Now let's solve the problem of determining the amount of information in a message using the method of halves (dichotomy). So that at each search step exactly half of the options can be discarded. We will organize the work in the form of a game “Guess the answer”.

For example, I think that a book is on some shelf, but I don’t tell you about it. You need to determine which of the 8 shelves the book is on. Questions must be asked in such a way that each answer (“yes” or “no”) reduces the uncertainty by exactly half. Therefore, no matter how many questions are asked, so many bits of information carry the message about the guessed object. Fills in during the game table 2, establishing the relationship between the number of events and the amount of information in the message.

Analyzing the solution to previous problems, we introduce symbols and we deduce the formula of R. Hartley. For example, the chain of reasoning could be as follows:

  1. When guessing the mark, two questions were asked, each of which reduced the uncertainty of the situation by half, and there were four possible options in total. Formalization of the reasoning – 2 · 2 = 4, i.e. 2 2 = 4.
  2. When guessing the location of the book, three questions were asked, each of which reduced the uncertainty of the situation by half, and there were eight possible options in total. Formalization of the reasoning – 2 · 2 · 2 = 8, i.e. 2 3 = 8.
  3. Based on this, we can derive the formula 2 i = N, Where i– amount of information in the message, N– number of options (events).
  4. We use the resulting formula to determine the amount of information when tossing a coin. 2 1 = 2, i= 1 bit.
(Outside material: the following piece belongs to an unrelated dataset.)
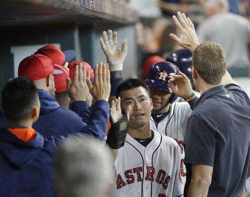 Houston Astros' Norichika Aoki is congratulated in the dugout after scoring a run against the New York Yankees during the fourth inning of a baseball game, Sunday, July 2, 2017, in Houston. (AP Photo/David J. Phillip) The Associated Press

Number 2 in the formula means reducing the uncertainty by half, in accordance with the definition of the concept of “bit”. Using the formula, we fill out the table of integer powers of two up to 210 = 1024. The table establishes the relationship between the quantities of information in the message ( i) and the number of equally probable events ( N) and is a support for students in solving problems.

Let's create a general diagram:

Let's solve the problem using an example.

Task 1. Classes can take place in one of the rooms, numbered from 1 to 16. How much information does the teacher's message contain that classes will be held in room No. 7?

III. Summarizing

Today we studied:

  • Half division method;
  • Measuring the amount of information in a message in two ways: using a formula and the halving method,
  • Measuring the amount of information in a message over several actions,
  • Measuring the number of events if the information volume of the message is known.

IV. Homework

Solve the problem: There are 16 red apples in a bag. How much information does the message that you got a red apple contain?